I have searched for quite a long time and I am not sure how to do the transitive closure. The question is from my teacher is:
Given the set A={1,2,3,4} and the relation {(1, 2), (2, 1), (2, 3), (3, 4), (4, 1)}, do the transitive closure.
My first approach was, since, the transitve closure $R^+$ = $\bigcup^n_{i=1}R^i$ where n is the number of elements in the set A, I could do $M_{R^I}$ = $M_R \cup M^2_R \cup M^3_R \cup ... \cup M^n_R$.

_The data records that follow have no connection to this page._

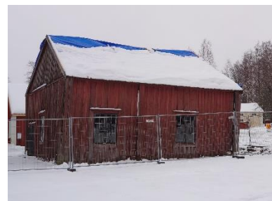
8 mars 2020

Jag hoppas kunna ta inomhusbilder så snart hela renoveringen är klar!
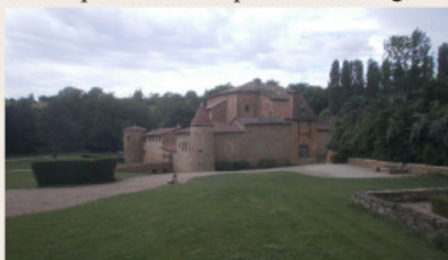
Le château du Sou

Il a appartenu à plusieurs familles au cours des siècles puis a été vendu comme bien national à la Révolution. Il a maintenant plusieurs propriétaires. On en visite les extérieurs seulement mais on peut également louer les intérieurs pour des banquets de mariage.
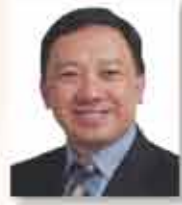
職業安全健康局主席 陳海濤博士 太平紳士
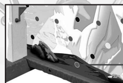
Punto de partida del primer escalador

En caso de que la flecha de la ruleta se quede justo en el medio de dos casillas se volverá a tirar.
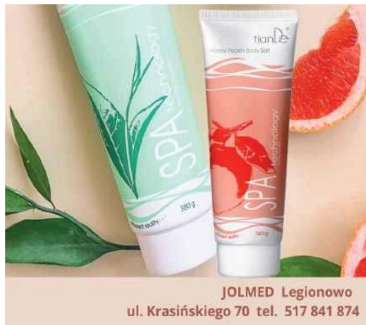
JOLMED Legionowo ul. Krasińskiego 70 tel. 517 841 874

1. Sól „Grejpfрут” pomoże utrzymać figurę w świetnej formie. Zapach grejpfruta aktywizuje proces odchudzania – do takiego wniosku doszli japońscy kosmetolodzy. Stwierdzili oni bezpośredni związek między zapachami
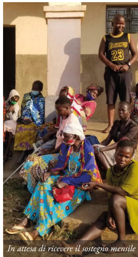
In attesa di ricevere il sostegno mensile

ze agricole e di strumenti, restano dipendenti dalle famiglie adottive. Vengono inclusi nel progetto didattico ambientale "Fattoria Cardellino", per fornire loro formazione tecnico-pratica, avviandoli così al mondo del lavoro e all'indipendenza.
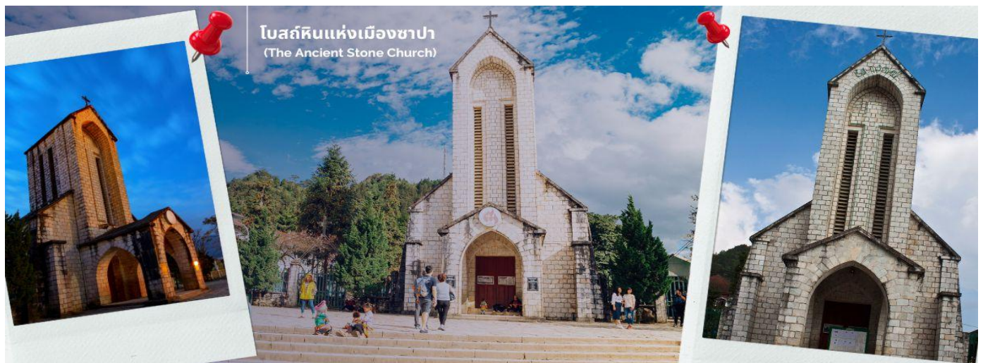
โบสถ์หินแห่งเมืองซาปา (The Ancient Stone Church)

จากนั้นพาทุกท่านชม โบสถ์หินแห่งเมืองซาปา (The Ancient Stone Church) อีกหนึ่งแลนด์มาร์กสำคัญของซาปาที่ต้องไปเช็คอิน เป็นโบสถ์หินที่สร้างขึ้นโดยชาวฝรั่งเศส เนื่องจากครั้งที่เป็นเมืองอาณานิคม มีชาวฝรั่งเศสมาอาศัยอยู่เมืองซาปาจำนวนมาก จึงเป็นโบสถ์สำคัญของเมืองนี้ที่ใช้ในการร่วมพิธีมิสซา ถึงแม้ว่าในตอนนี้อาณานิคมจะย้ายกลับไปแล้ว แต่โบสถ์แห่งนี้ก็ได้รับการอนุรักษ์เอาไว้เป็นอย่างดีและชาวซาปาที่เป็นคาทอลิกก็ยังคงใช้งานอยู่จนปัจจุบัน นำท่านช้อปปิ้งที่ ตลาดไนต์เมืองซาปา มีสินค้าให้ท่านเลือกช้อปปิ้งมากมาย ไม่ว่าจะเป็นสินค้าพื้นเมือง ของฝาก ขนม กระเป๋า รองเท้า ท่านสามารถช้อปปิ้งได้อย่างจุใจ

Doing the first matrix of $M_R$ I get $$ \begin{pmatrix} 0 & 1 & 0 & 1 \\ 1 & 0 & 0 & 0 \\ 0 & 1 & 0 & 0 \\ 0 & 0 & 1 & 0 \\ \end{pmatrix} $$
...
$M^4_R$
$$ \begin{pmatrix} 1 & 0 & 1 & 0 \\ 0 & 1 & 0 & 0 \\ 1 & 0 & 1 & 0 \\ 0 & 1 & 0 & 1 \\ \end{pmatrix} $$
Doing the reunion of the matrices from $M^1_R$ until $M^4_R$ I get a 4x4 matrix with all 1's. This meaning that the transitive closure of this relation would be all the elements connected. Is my answer correct? If not could you please tell if the problem is my approach (and suggest another) or my matrix multiplication?
Thanks, suggestions welcome!
The transitive closure is the relation that shows which nodes are reachable from a given node. Since the path $1 \to 2 \to 3 \to 4 \to 1$ exists it follows that any node can reach any other node and so $R = A^2$.